Personal Bias of the Cost Technique Avoided. While the market approach has certain limitations, it should be judged relative to other approaches. The crucial problem is to rely on that appraisal approach which gives the strongest support to the final value estimate. For on analysis, each approach has inherent limitations. For example, the valuation of a 30- year-old house by the cost approach suffers from the difficulty of acquiring construction costs for a house built with building materials and equipment that are no longer available. The example illustrates the added handicap of estimating the loss in value from poor maintenance, neighborhood decline, and the lack of a modern floor plan and equipment. Comparable sales of similar older buildings would probably give a more accurate indication of value.

Frequently Sold Properties. The market comparison method is ideally adapted to the appraisal of frequently sold properties. In an active real estate market, the large number of available sales gives the market approach a clear advantage over the cost and income approaches. An active market allows the appraiser to select a group of highly comparable sales among different property types and neighborhoods.
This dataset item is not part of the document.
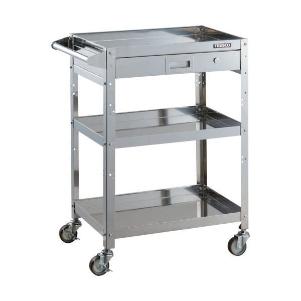 トラスコ中山 TRUSCO ステンレスワゴン クリーンラビット 75φゴム車SUS金具 1段引出ハンドル付 CRB-963HVSU 1台(直送品)

Such an analysis contributes to the accurate interpretation of current sales prices.

Sources of Comparable Sales Data

Under the market comparison approach, ac-curacy depends on securing valid real estate sales data. The main object is to obtain only bonafide sales that have been verified as an accurate indication of current market value. To ensure that a sale is bonafide, it is common to eliminate certain transactions which are not considered indicative of market value. Among the real estate sales considered invalid for appraisal purposes are:

1. Sales to or from government agencies.

2. Foreclosure sales or sales completed in anticipation of foreclosure or bankruptcy.
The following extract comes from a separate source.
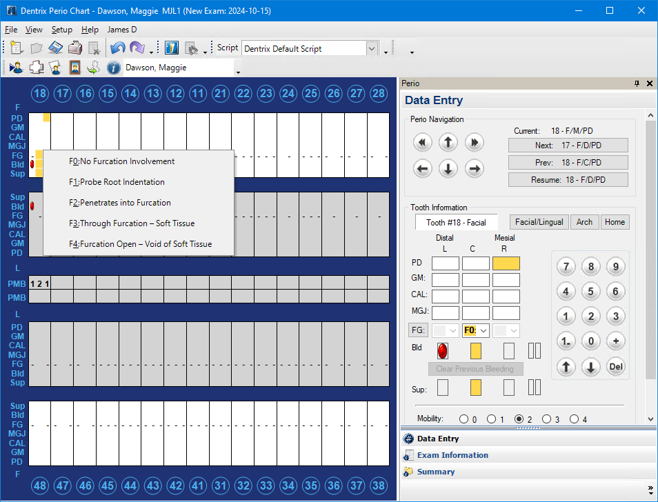 6. To chart the furcation grade, click the upper-right corner of the cell of the desired tooth, and then type the letter F.

3. Sales between family members.

4. Sales between interrelated corporations.

5. Sales of partial or fractional interests.

Some of the rejections may be avoided by eliminating sales between parties who have the same name or sales between corporations known to have a common ownership.

With these qualifications, the appraiser has the option of obtaining sales from public, private, or commercial sources. A representative list of places to secure real estate sales information includes:

Public Sources Recorder of deeds.

  • Property tax assessor.
  • Tax commissions.

Private Sources

  • Real estate brokers.
  • Multiple-listing services.
  • Financial institutions.
  • Real estate developers.
  • Real estate contractors.
  • Real estate investors.

The public sources refer to local and national agencies that maintain a file of real estate sales incidental to their function. Be reminded however that condominium titles are also contained in the same public recording facility that of houses and other types of real estate. The recorder of deeds (in some states referred to as the registrar of deeds, the county auditor, or some similar designation) files deeds by book and page number. These are also identified alphabetically in the name of both the seller and the buyer. Since the public file usually includes a facsimile of the deed, deed books represent an excellent place to identify the minimum facts of the sale. Since deed records do not ordinarily show other essential facts, these records must be supplemented by a field inspection and verification of the sales price through interviews with the buyer, the seller, or the broker.

The property tax assessor and the state tax office maintain sales records to assist in the valuation of property for property tax purposes. Quite often the public may use these records to identify real estate sales.

Private sources include real estate brokers, savings and loan associations, and local banks that deal in real estate mortgages. Real estate developers, contractors, and investors who are actively engaged in producing and marketing real estate constitute other sources of sales data. Usually the appraiser must investigate many sources to obtain current information on real estate transactions.